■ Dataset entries
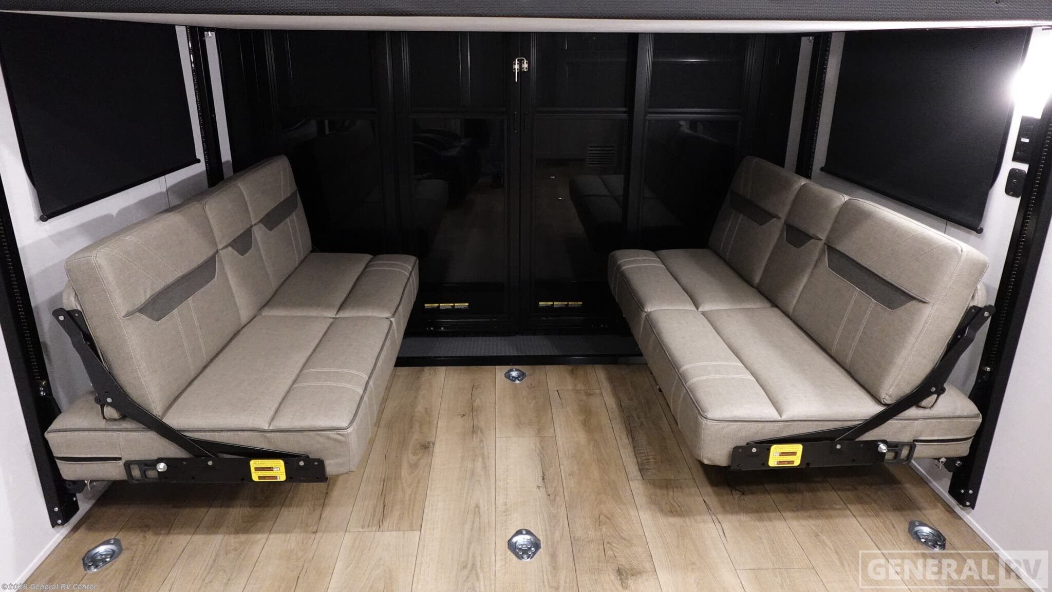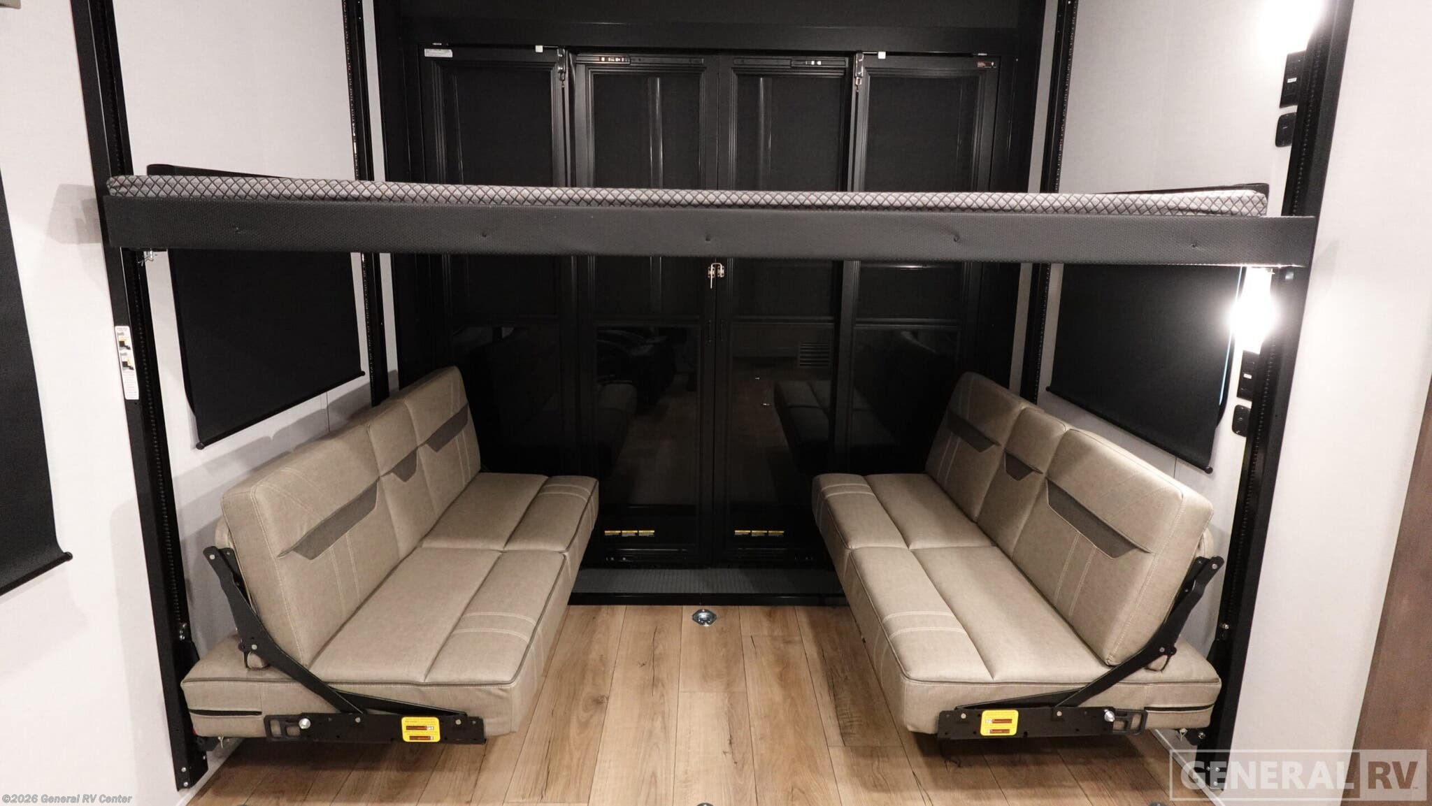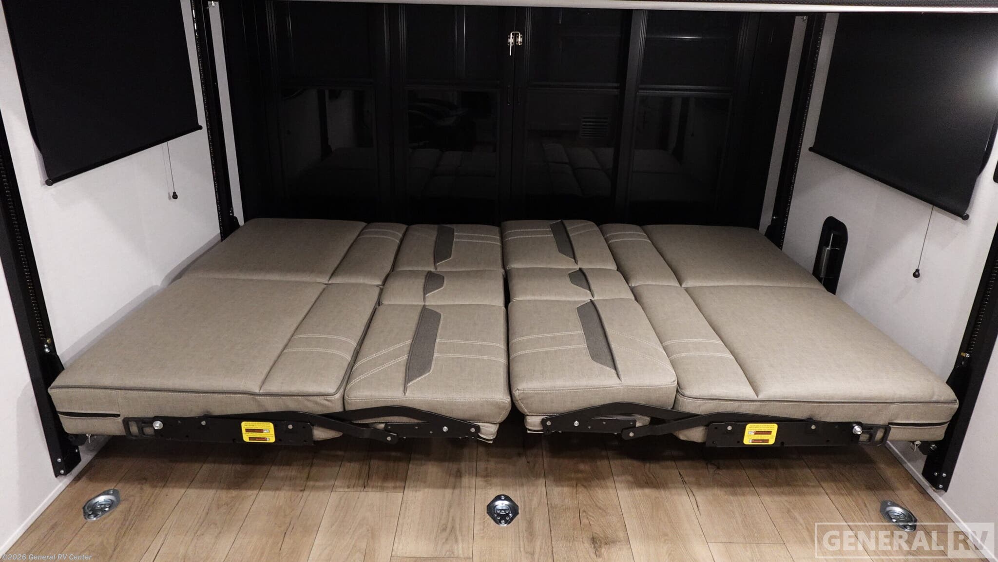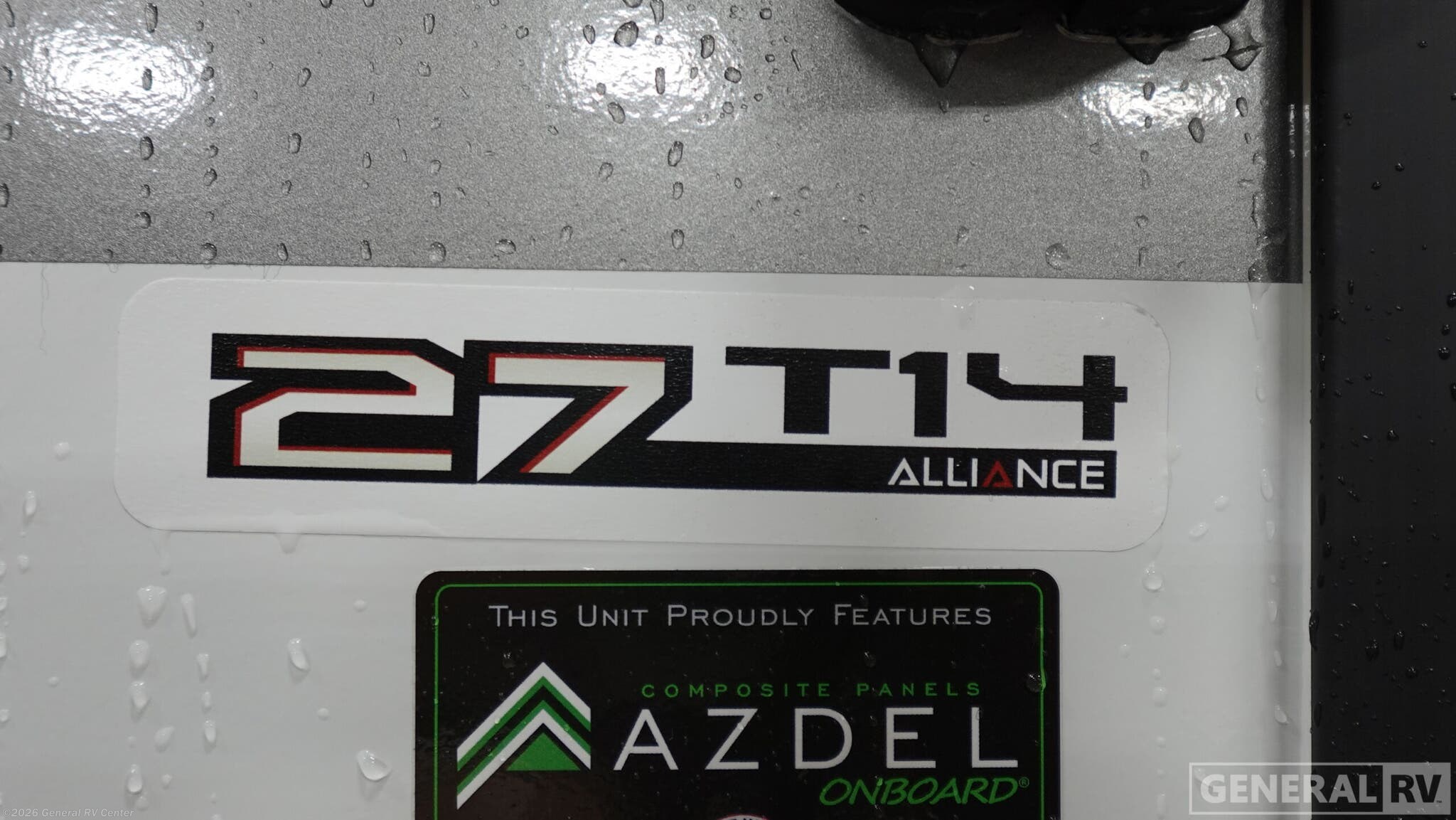Alliance RV Valor All-Access toy hauler 27T14 highlights: -Happijac Sofas -Private Bedroom -10 Cu. Ft. Refrigerator -Dual Lounge Chairs -Drop-Down Queen Bed -Pull out Griddle Step into the world of adventure with the Alliance Valor, a striking blend of style and functionality. The exterior boasts a sleek white finish accented by bold graphics, making a statement wherever you roam. With the 14' garage length and 74 inch interior width, you can bring all your favorite off-road toys and gear with you. Inside the spacious living area, the Valor blends practicality and comfort. Whether you're cooking a gourmet meal or unwinding after a day of exploration, the Valor offers a perfect mix of comfort and luxury. The HappiJac roll-over sofas and drop-down queen bed offer a comfortable place to socialize together at night, as well as a provide sleeping space at night too! With its robust build and thoughtful design, this RV is ready to take on any journey, providing a home away from home that's as stylish as it is functional. For more details, visit your nearest General RV dealership.
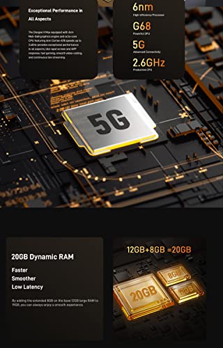 ★【6nm MediaTek Dimensity 1080, der leistungsstärkste Chip in dem robusten Handy aller Zeiten】Das Doogee V Max, ausgestattet mit ARM Mali-G68 Grafik-Engine und ARM Cortex-A78 Achtkern-CPU von bis zu 2,6GHz, bietet außergewöhnliche Leistung für alle Aspekte wie rasche Bildschirm- und APP-Reaktion, flottes Gaming, flüssige Videotelefonie und ruckfreies Live-Streaming.
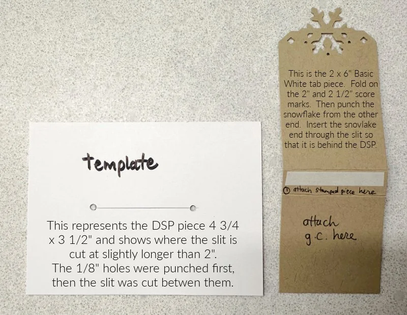 2 x 6” scored at 2” and 2 ½” on 6” end for the tab pull; punch the end that is not scored using the Sparkling Snowflakes Tag Topper
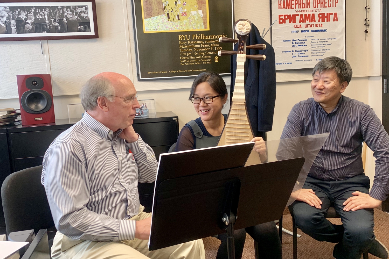 音乐会和排练之余,贾国平教授、林涛教授分别做了“《风越苍茫》中的配器观念和技术分析” 、“《聆籁》的结构分析以及音响与自然的美学关联” 和“俄罗斯指挥学派”等学术讲座,并针对作曲和指挥专业的本科生、研究生进行了大师班授课;兰维薇副教授则面向“世界音乐”课堂,边讲边弹地为师生们带去了生动的“琵琶音乐的风格和语言”专题,并针对两位作曲专业学生为琵琶而写的习作进行了工作坊式的视奏和录音,亦在两场正式音乐会之余受邀为BYU学生的午间音乐会做嘉宾演奏;代博老师则介绍了自己近年来的创作成果,还与作曲专业的学生进行了深度的交流。
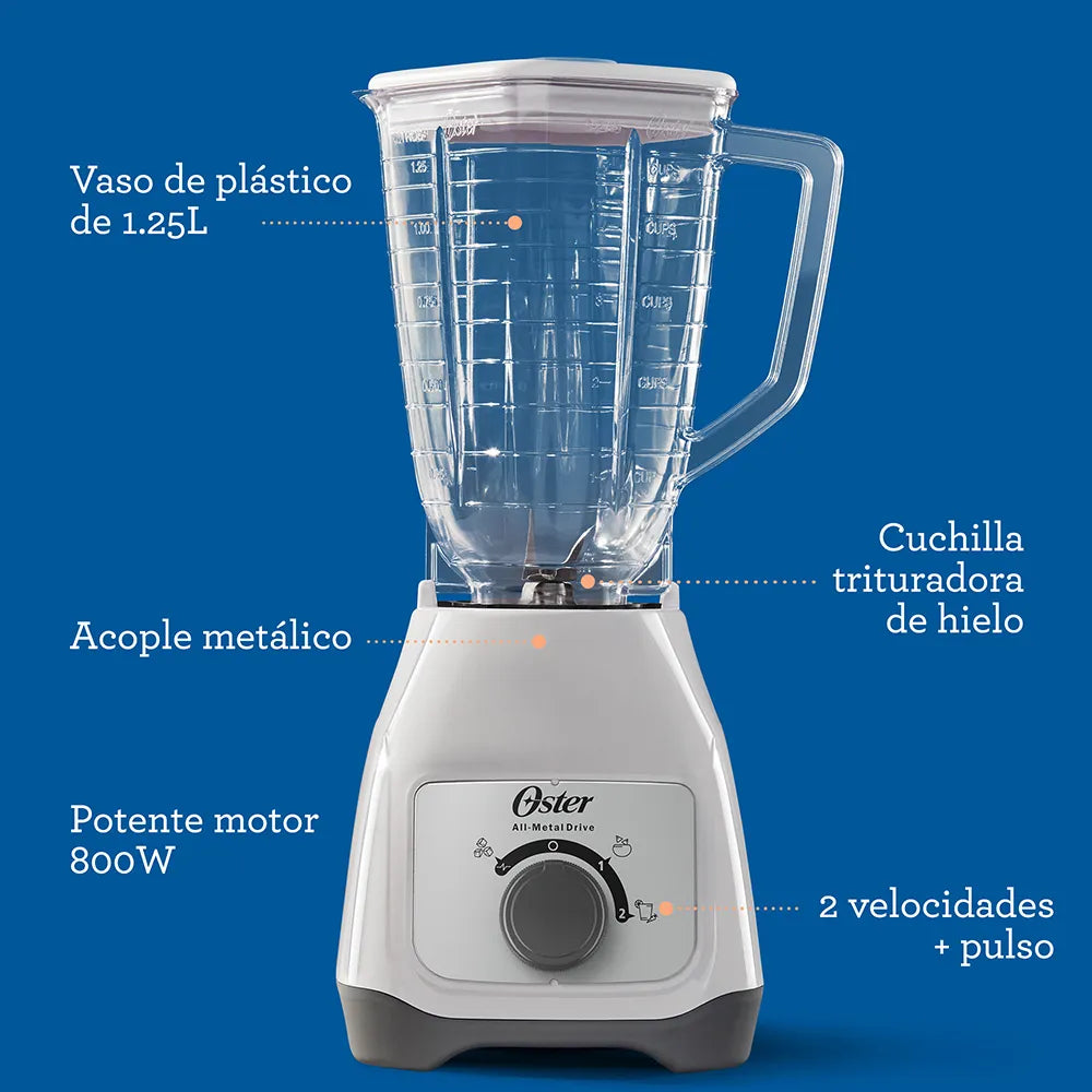 Licuadora Oster BLSTKAP-WRB-013 Kalimán – 2 Velocidades, 400W, Color Blanco con Vaso de Plástico
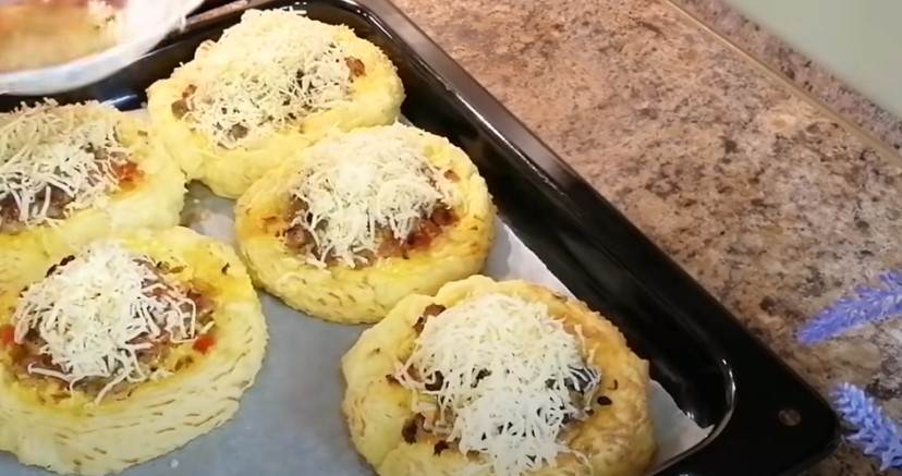 Випікаємо при 180 градусах близько 15 хвилин, але дивіться по своїй духовці, щоб гніздо стало рум’яним, а начинка добре пропеклася і сир розплавився.
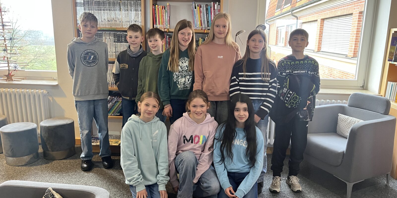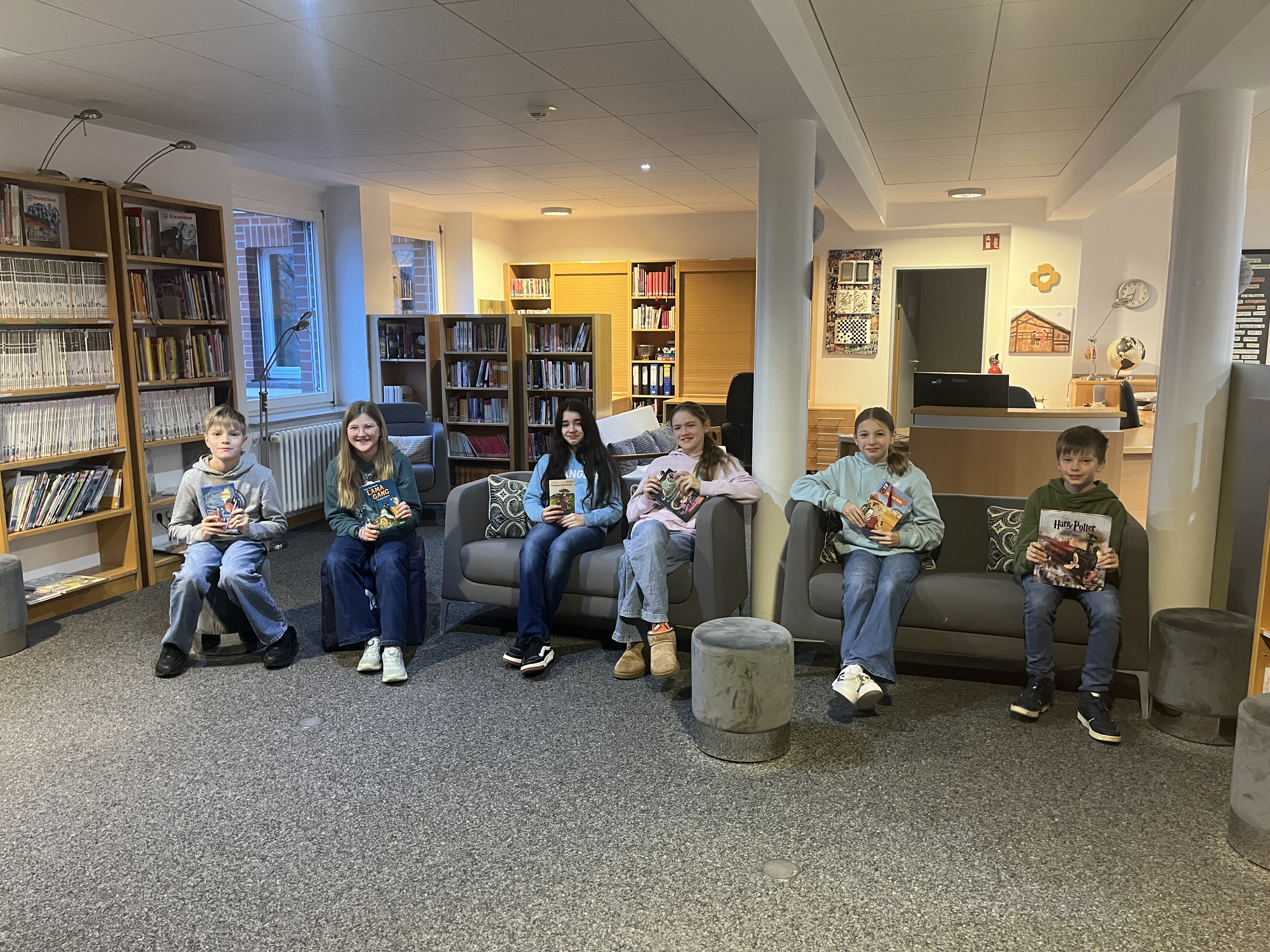 Am Donnerstag wurde es schon in der ersten Stunde lebendig in unserer Bibliothek: Jeweils zwei Schülerinnen und Schüler aus jeder Klasse des Jahrgangs 6 traten zum Schulentscheid des diesjährigen Vorlesewettbewerbs vor einer kleinen Jury gegeneinander an. Alle präsentierten zunächst einen vorbereiteten Auszug aus einem selbstgewählten Jugendroman und lasen im Anschluss eine unbekannte Passage aus Cornelia Funkes Adventskalendergeschichte Hinter verzauberten Fenstern.

■ TASK DESCRIPTION
An exact copy of the entries, minus the pictures, is what to return.

■ COMPLETED TASK
Alliance RV Valor All-Access toy hauler 27T14 highlights: -Happijac Sofas -Private Bedroom -10 Cu. Ft. Refrigerator -Dual Lounge Chairs -Drop-Down Queen Bed -Pull out Griddle Step into the world of adventure with the Alliance Valor, a striking blend of style and functionality. The exterior boasts a sleek white finish accented by bold graphics, making a statement wherever you roam. With the 14' garage length and 74 inch interior width, you can bring all your favorite off-road toys and gear with you. Inside the spacious living area, the Valor blends practicality and comfort. Whether you're cooking a gourmet meal or unwinding after a day of exploration, the Valor offers a perfect mix of comfort and luxury. The HappiJac roll-over sofas and drop-down queen bed offer a comfortable place to socialize together at night, as well as a provide sleeping space at night too! With its robust build and thoughtful design, this RV is ready to take on any journey, providing a home away from home that's as stylish as it is functional. For more details, visit your nearest General RV dealership.
 ★【6nm MediaTek Dimensity 1080, der leistungsstärkste Chip in dem robusten Handy aller Zeiten】Das Doogee V Max, ausgestattet mit ARM Mali-G68 Grafik-Engine und ARM Cortex-A78 Achtkern-CPU von bis zu 2,6GHz, bietet außergewöhnliche Leistung für alle Aspekte wie rasche Bildschirm- und APP-Reaktion, flottes Gaming, flüssige Videotelefonie und ruckfreies Live-Streaming.
 2 x 6” scored at 2” and 2 ½” on 6” end for the tab pull; punch the end that is not scored using the Sparkling Snowflakes Tag Topper
 音乐会和排练之余,贾国平教授、林涛教授分别做了“《风越苍茫》中的配器观念和技术分析” 、“《聆籁》的结构分析以及音响与自然的美学关联” 和“俄罗斯指挥学派”等学术讲座,并针对作曲和指挥专业的本科生、研究生进行了大师班授课;兰维薇副教授则面向“世界音乐”课堂,边讲边弹地为师生们带去了生动的“琵琶音乐的风格和语言”专题,并针对两位作曲专业学生为琵琶而写的习作进行了工作坊式的视奏和录音,亦在两场正式音乐会之余受邀为BYU学生的午间音乐会做嘉宾演奏;代博老师则介绍了自己近年来的创作成果,还与作曲专业的学生进行了深度的交流。
 Licuadora Oster BLSTKAP-WRB-013 Kalimán – 2 Velocidades, 400W, Color Blanco con Vaso de Plástico
 Випікаємо при 180 градусах близько 15 хвилин, але дивіться по своїй духовці, щоб гніздо стало рум’яним, а начинка добре пропеклася і сир розплавився.
 Am Donnerstag wurde es schon in der ersten Stunde lebendig in unserer Bibliothek: Jeweils zwei Schülerinnen und Schüler aus jeder Klasse des Jahrgangs 6 traten zum Schulentscheid des diesjährigen Vorlesewettbewerbs vor einer kleinen Jury gegeneinander an. Alle präsentierten zunächst einen vorbereiteten Auszug aus einem selbstgewählten Jugendroman und lasen im Anschluss eine unbekannte Passage aus Cornelia Funkes Adventskalendergeschichte Hinter verzauberten Fenstern.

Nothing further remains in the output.